>>

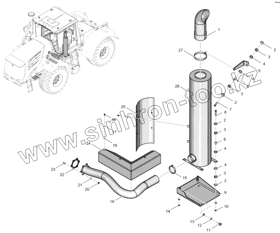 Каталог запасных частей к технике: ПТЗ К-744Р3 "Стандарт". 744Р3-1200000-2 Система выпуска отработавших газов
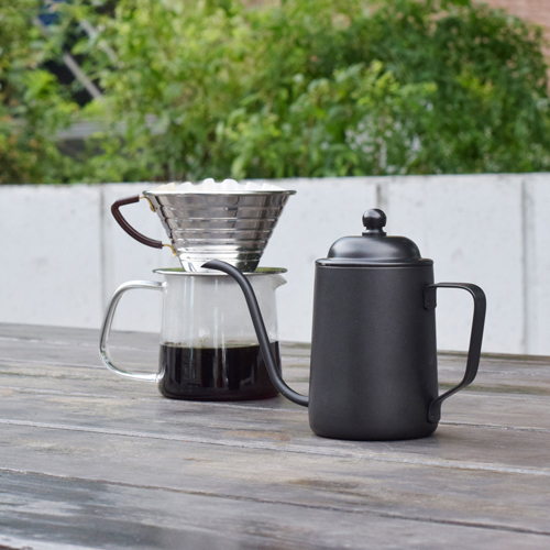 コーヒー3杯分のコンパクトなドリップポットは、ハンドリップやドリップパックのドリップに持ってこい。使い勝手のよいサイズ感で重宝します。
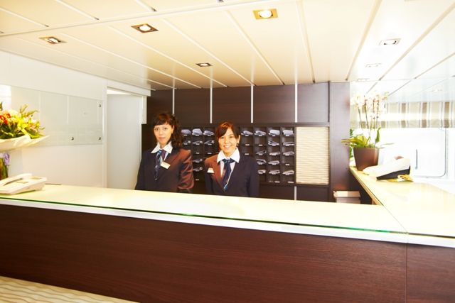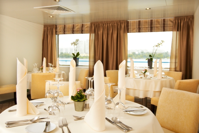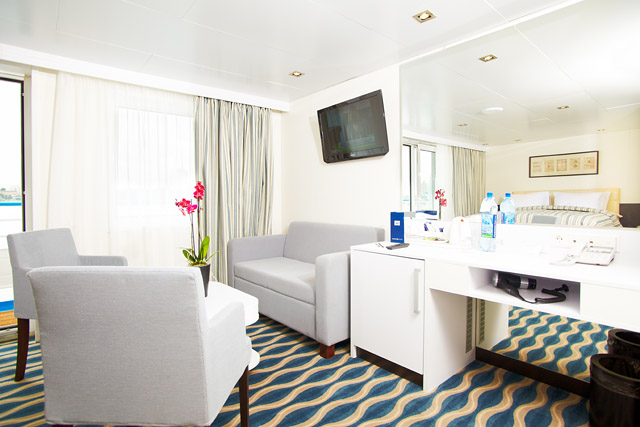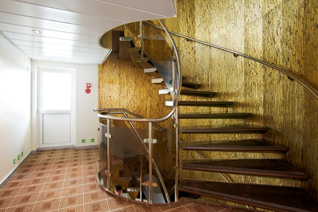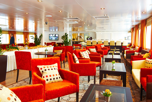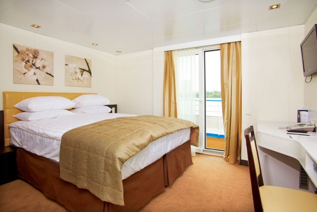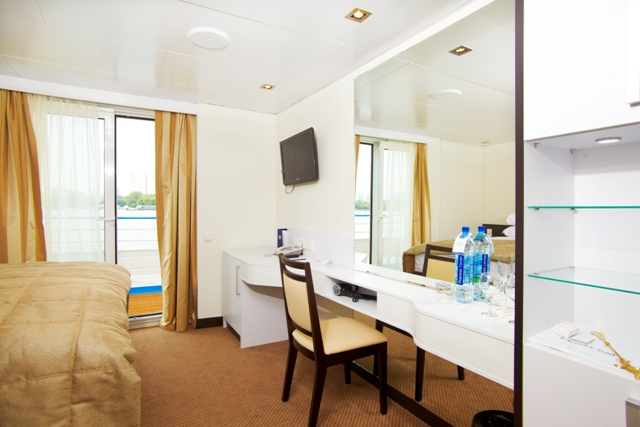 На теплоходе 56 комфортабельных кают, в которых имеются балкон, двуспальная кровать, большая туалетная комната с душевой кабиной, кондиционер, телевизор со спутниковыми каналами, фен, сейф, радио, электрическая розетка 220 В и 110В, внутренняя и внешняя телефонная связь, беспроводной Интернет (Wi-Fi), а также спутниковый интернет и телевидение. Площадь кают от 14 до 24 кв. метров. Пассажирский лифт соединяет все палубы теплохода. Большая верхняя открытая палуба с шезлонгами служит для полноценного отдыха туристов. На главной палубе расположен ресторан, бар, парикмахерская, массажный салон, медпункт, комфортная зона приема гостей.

<<
>>

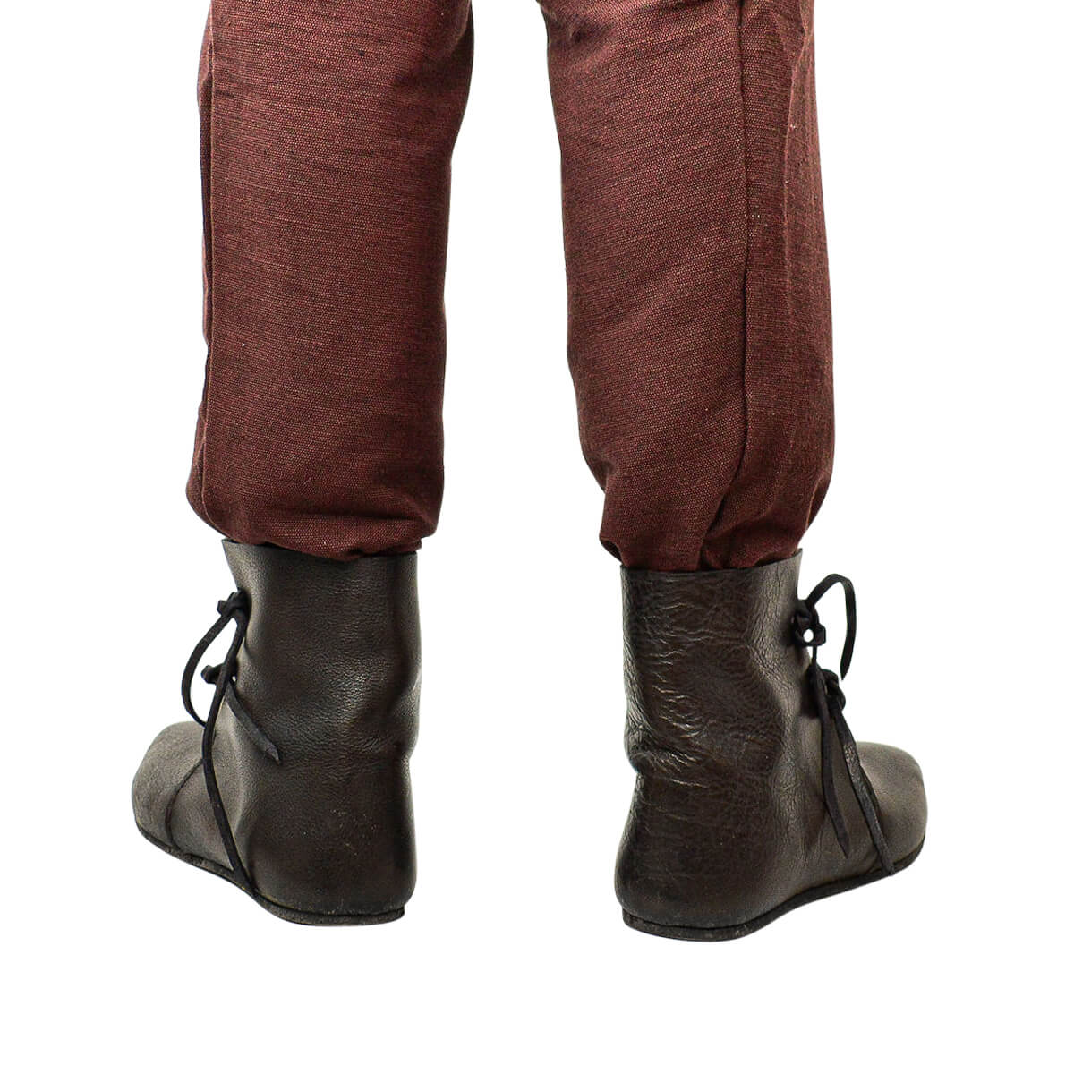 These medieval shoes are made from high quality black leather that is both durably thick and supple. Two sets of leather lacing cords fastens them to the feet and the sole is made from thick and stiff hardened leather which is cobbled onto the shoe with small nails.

<<

*INSTRUCTIONS TO FOLLOW:*
Reproduce the records above exactly, but only from the line with "Каталог запасных частей" up to and including the line with "コーヒー3杯分のコンパクトな". Leave the pictures out.

*EXERCISE SOLUTION:*
 Каталог запасных частей к технике: ПТЗ К-744Р3 "Стандарт". 744Р3-1200000-2 Система выпуска отработавших газов
 コーヒー3杯分のコンパクトなドリップポットは、ハンドリップやドリップパックのドリップに持ってこい。使い勝手のよいサイズ感で重宝します。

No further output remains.